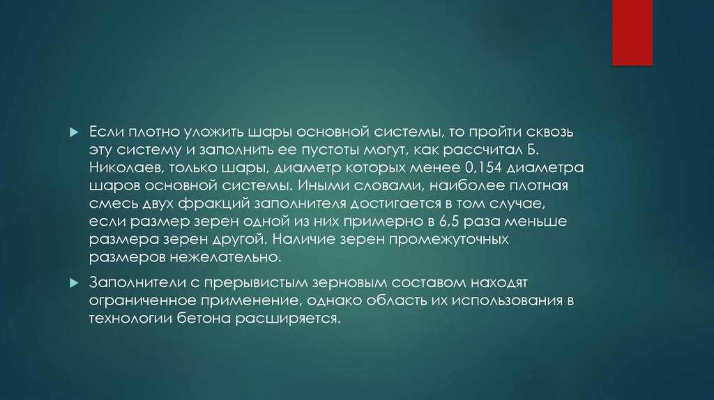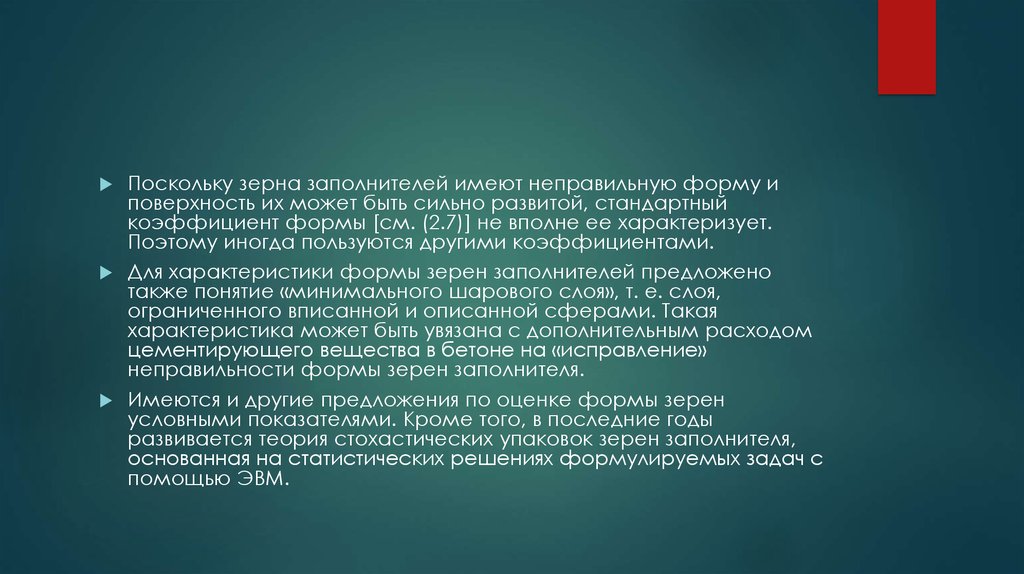 Поскольку зерна заполнителей имеют неправильную форму иповерхность их может быть сильно развитой, стандартный
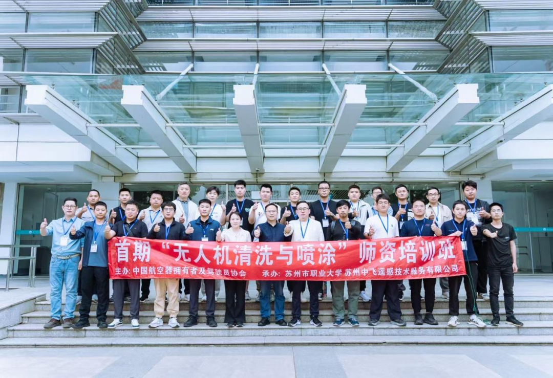 2025 年 5 月 13 日—17日,由中国航空器拥有者及驾驶员协会(中国AOPA)主办、苏州市职业大学和苏州中飞遥感技术服务有限公司承办的首期 “无人机清洗与喷涂” 师资培训班在苏州市职业大学正式开班。此次培训班旨在破解低空经济领域“场景技术迭代快” 与 “师资储备不足” 的结构性矛盾,为低空经济行业培育“低空 + 行业应用” 复合型人才,推动低空经济产业发展,来自全国20多家培训单位的学员参加了培训。
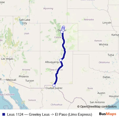 Bus Lxus 1124 - Greeley Lxus -> El Paso (Limo Express) in Greeley: Stops & Timetable
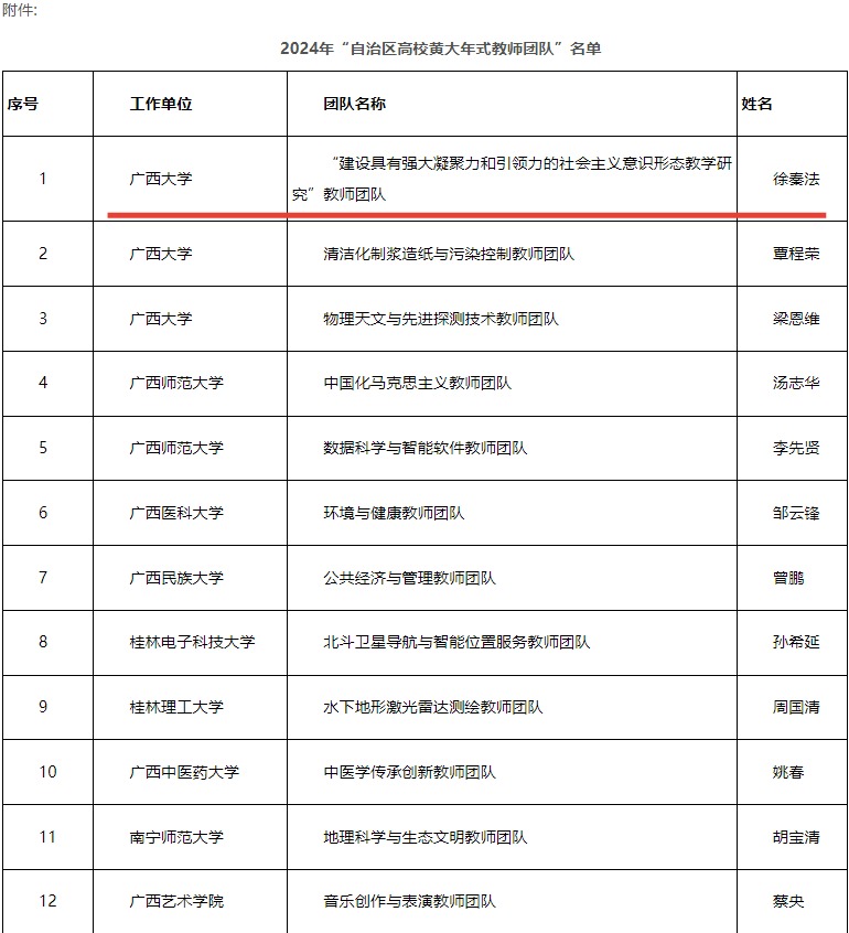 7月11日,自治区教育厅公示2024年“自治区高校黄大年式教师团队”名单。经申报推荐、资格审查、专家评审等环节,外围买球app官网“建设具有强大凝聚力和引领力的社会主义意识形态教学研究”教师团队成功入选2024年“自治区高校黄大年式教师团队”。
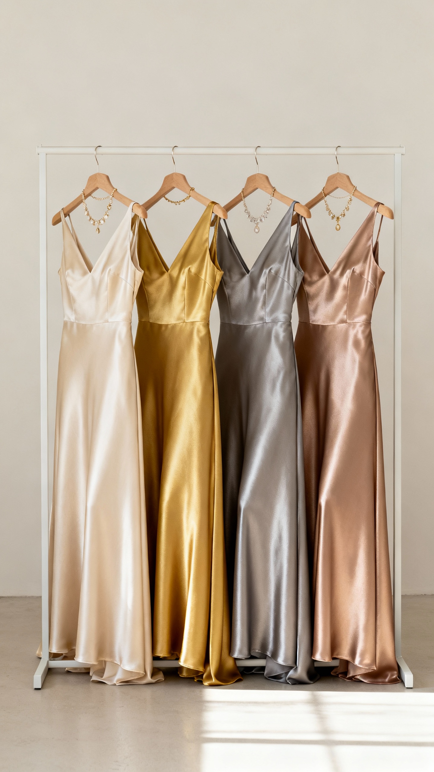Instead of forcing everyone into the exact same shine level, mix metallic tones like champagne, gold, pewter, and soft bronze within the same fabric family. The trick is to keep the silhouette or length consistent so it reads cohesive in photos. It’s especially stunning for evening weddings and candlelit venues.
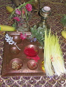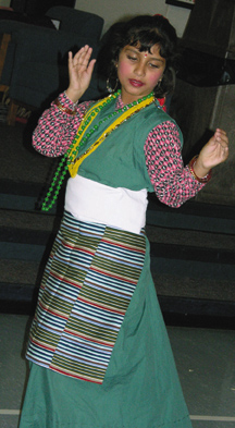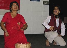 | The first nine days (nawa ratri), the legend says, was the duration of the battle between Durga and Mahisasur; the 10th day was the day the demon was actually slain; and the last five days was for the celebration of this victory. The goddess is regarded as "divine mother" throughout the kingdom of Nepal. Nepalese everywhere prepare for this occasion by cleaning and beautifying their homes. They believe that a beautiful home would invite the visit and blessing of goddess Durga. During nawa ratri, devotees pray to her (and her many forms called devis) for good fortunes. The first day of Dashain is called Ghatasthapana, when kalash (holy water vessel) is placed on the altar. The kalash is filled with holy water and covered with cowdung on to which seeds are sown. A small rectangular sand block is made and the kalash is put in the center. The surrounding bed of sand is also seeded with grains. The Ghatasthapana ritual is performed at a certain auspicious moment determined by astrologers. ... By the 10th day, the seed will have grown to five or six inches of long yellow grass, called Jamara. It is bestoweed by the elders atop the heads of youth during the last five days when the tika is put on. The Jamara is taken as a token of Goddess Durga as well as the elders' blessing. -(www.wikipedia.com) The 10th day is the Dashami, the day the Nepalese take tika and Jamara from elders to receive their blessings. Family members and relatives come together to pay respect to their elders, share stories, and enjoy their togetherness. This was exactly what the Local Nepalese community in Madison did, and more. Friends and guests from other cultures shared an important Nepali tradition and watched a cultural program highlighted by a humorous skit (bottom right). Nepali food and music were aplenty, and the feeling of being at home away from home was on everyone's face. |
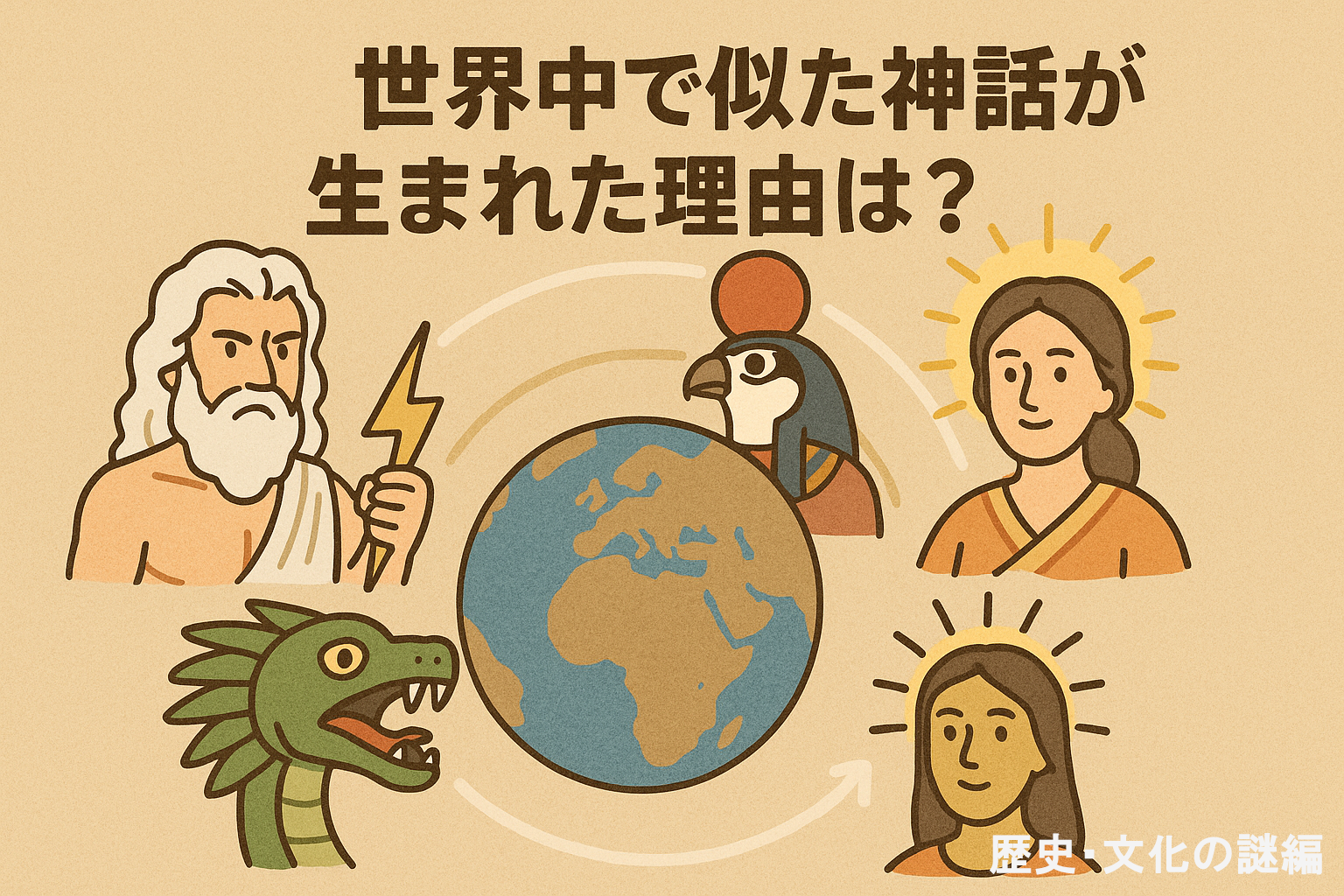 世界の神話の共通性は「人類共通の経験」「集合的無意識」「文化交流」などが要因と考えられるが、確定的な答えはない。
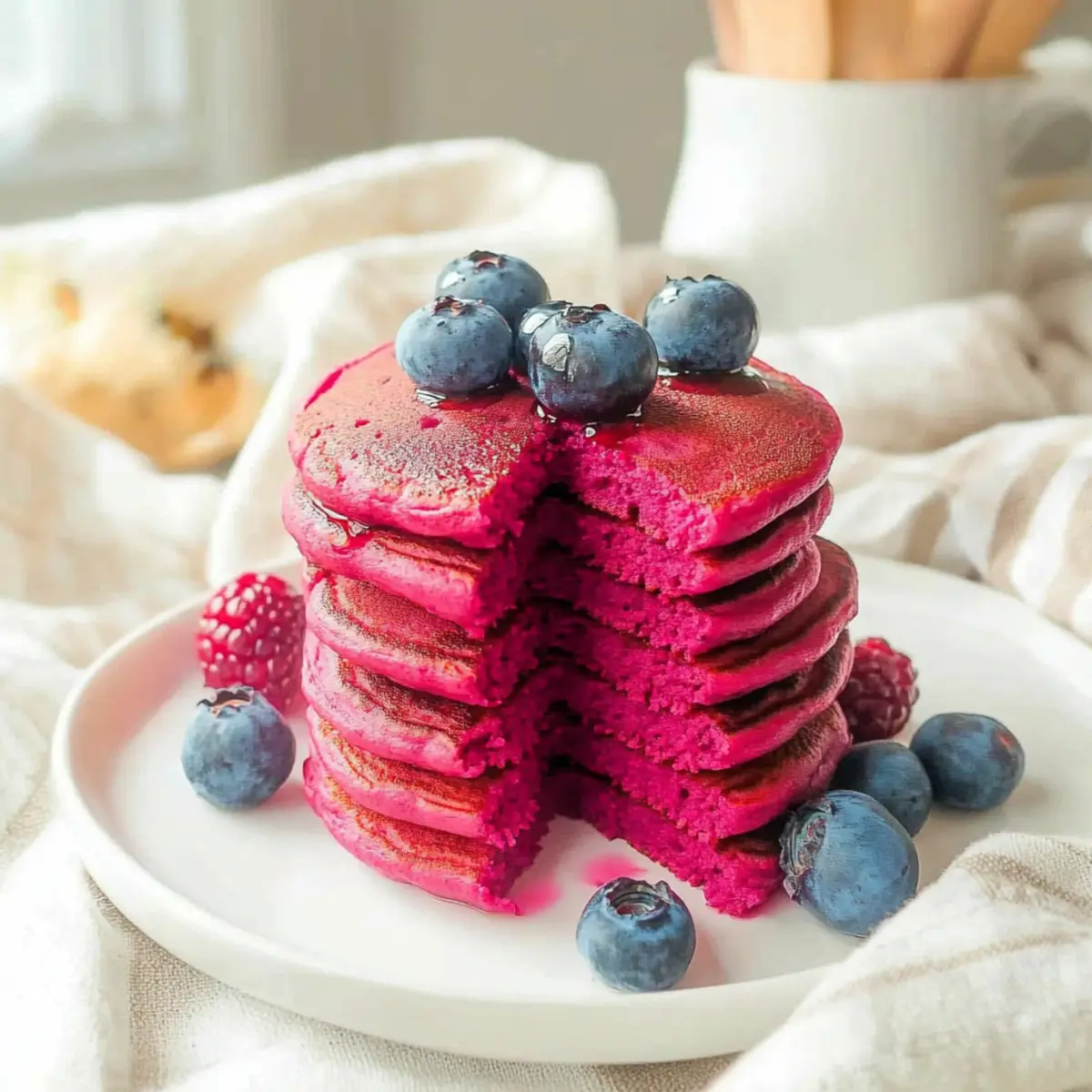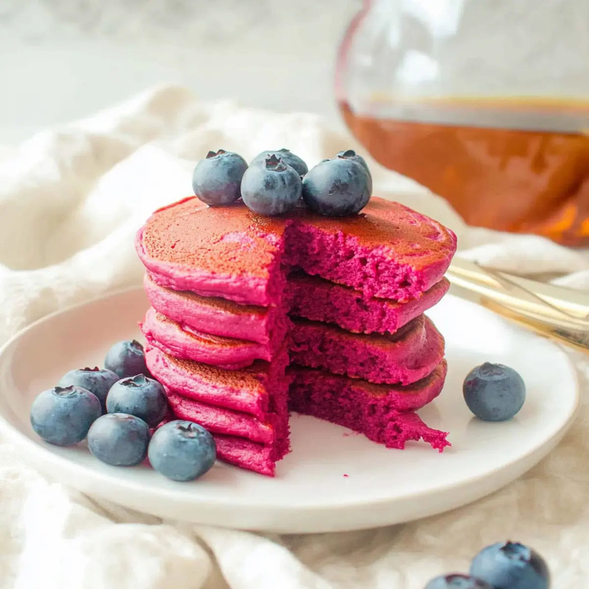 Vibrant Color: These pancakes deliver a stunning pink hue that makes breakfast exciting for everyone, especially kids.
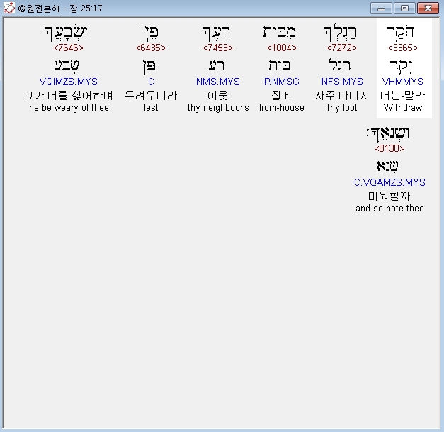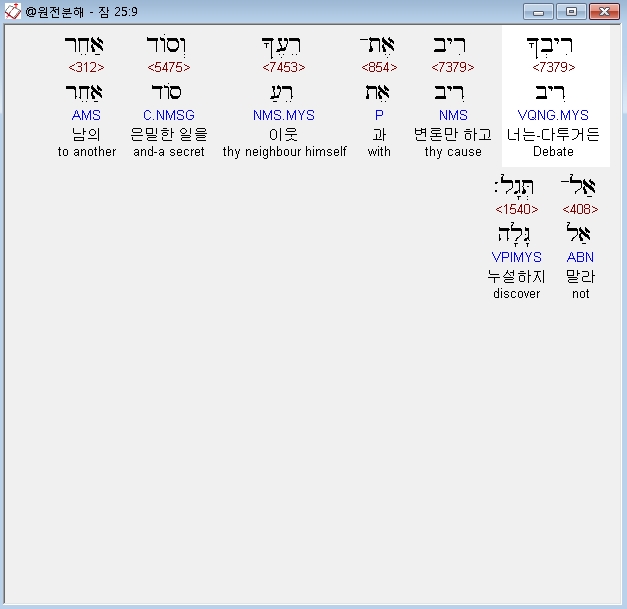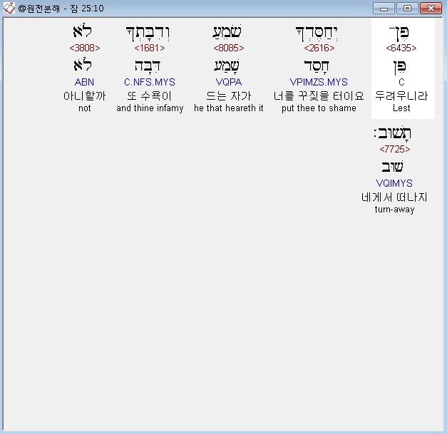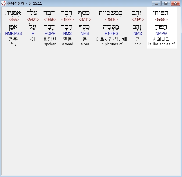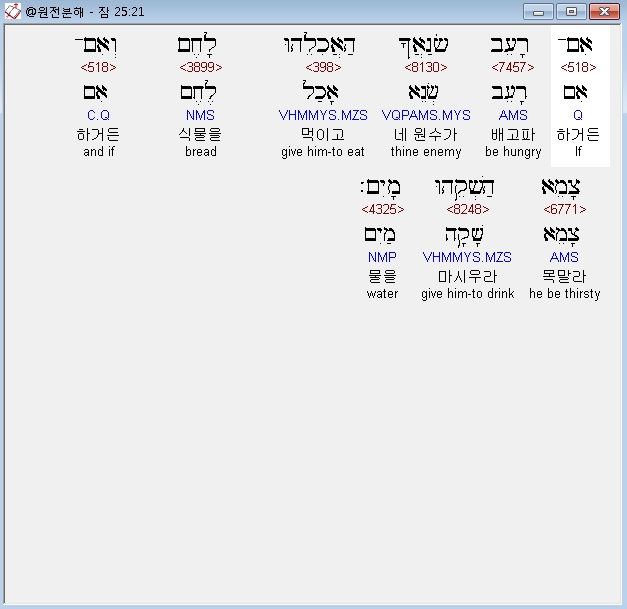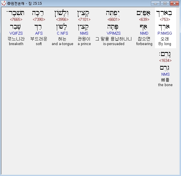 | 히브리어 잠언 22장 전체 원어 원문 성경 공부 주석 강해 설교 해설 해석 (0) | 2020.10.15 |

_Exercise description:_
Make an exact copy of the listing above. Its pictures are not needed.

_Solved problem:_
 Поскольку зерна заполнителей имеют неправильную форму иповерхность их может быть сильно развитой, стандартный
 2025 年 5 月 13 日—17日,由中国航空器拥有者及驾驶员协会(中国AOPA)主办、苏州市职业大学和苏州中飞遥感技术服务有限公司承办的首期 “无人机清洗与喷涂” 师资培训班在苏州市职业大学正式开班。此次培训班旨在破解低空经济领域“场景技术迭代快” 与 “师资储备不足” 的结构性矛盾,为低空经济行业培育“低空 + 行业应用” 复合型人才,推动低空经济产业发展,来自全国20多家培训单位的学员参加了培训。
 Bus Lxus 1124 - Greeley Lxus -> El Paso (Limo Express) in Greeley: Stops & Timetable
 7月11日,自治区教育厅公示2024年“自治区高校黄大年式教师团队”名单。经申报推荐、资格审查、专家评审等环节,外围买球app官网“建设具有强大凝聚力和引领力的社会主义意识形态教学研究”教师团队成功入选2024年“自治区高校黄大年式教师团队”。
Instead of forcing everyone into the exact same shine level, mix metallic tones like champagne, gold, pewter, and soft bronze within the same fabric family. The trick is to keep the silhouette or length consistent so it reads cohesive in photos. It’s especially stunning for evening weddings and candlelit venues.
 | The first nine days (nawa ratri), the legend says, was the duration of the battle between Durga and Mahisasur; the 10th day was the day the demon was actually slain; and the last five days was for the celebration of this victory. The goddess is regarded as "divine mother" throughout the kingdom of Nepal. Nepalese everywhere prepare for this occasion by cleaning and beautifying their homes. They believe that a beautiful home would invite the visit and blessing of goddess Durga. During nawa ratri, devotees pray to her (and her many forms called devis) for good fortunes. The first day of Dashain is called Ghatasthapana, when kalash (holy water vessel) is placed on the altar. The kalash is filled with holy water and covered with cowdung on to which seeds are sown. A small rectangular sand block is made and the kalash is put in the center. The surrounding bed of sand is also seeded with grains. The Ghatasthapana ritual is performed at a certain auspicious moment determined by astrologers. ... By the 10th day, the seed will have grown to five or six inches of long yellow grass, called Jamara. It is bestoweed by the elders atop the heads of youth during the last five days when the tika is put on. The Jamara is taken as a token of Goddess Durga as well as the elders' blessing. -(www.wikipedia.com) The 10th day is the Dashami, the day the Nepalese take tika and Jamara from elders to receive their blessings. Family members and relatives come together to pay respect to their elders, share stories, and enjoy their togetherness. This was exactly what the Local Nepalese community in Madison did, and more. Friends and guests from other cultures shared an important Nepali tradition and watched a cultural program highlighted by a humorous skit (bottom right). Nepali food and music were aplenty, and the feeling of being at home away from home was on everyone's face. |
 世界の神話の共通性は「人類共通の経験」「集合的無意識」「文化交流」などが要因と考えられるが、確定的な答えはない。
 Vibrant Color: These pancakes deliver a stunning pink hue that makes breakfast exciting for everyone, especially kids.
 | 히브리어 잠언 22장 전체 원어 원문 성경 공부 주석 강해 설교 해설 해석 (0) | 2020.10.15 |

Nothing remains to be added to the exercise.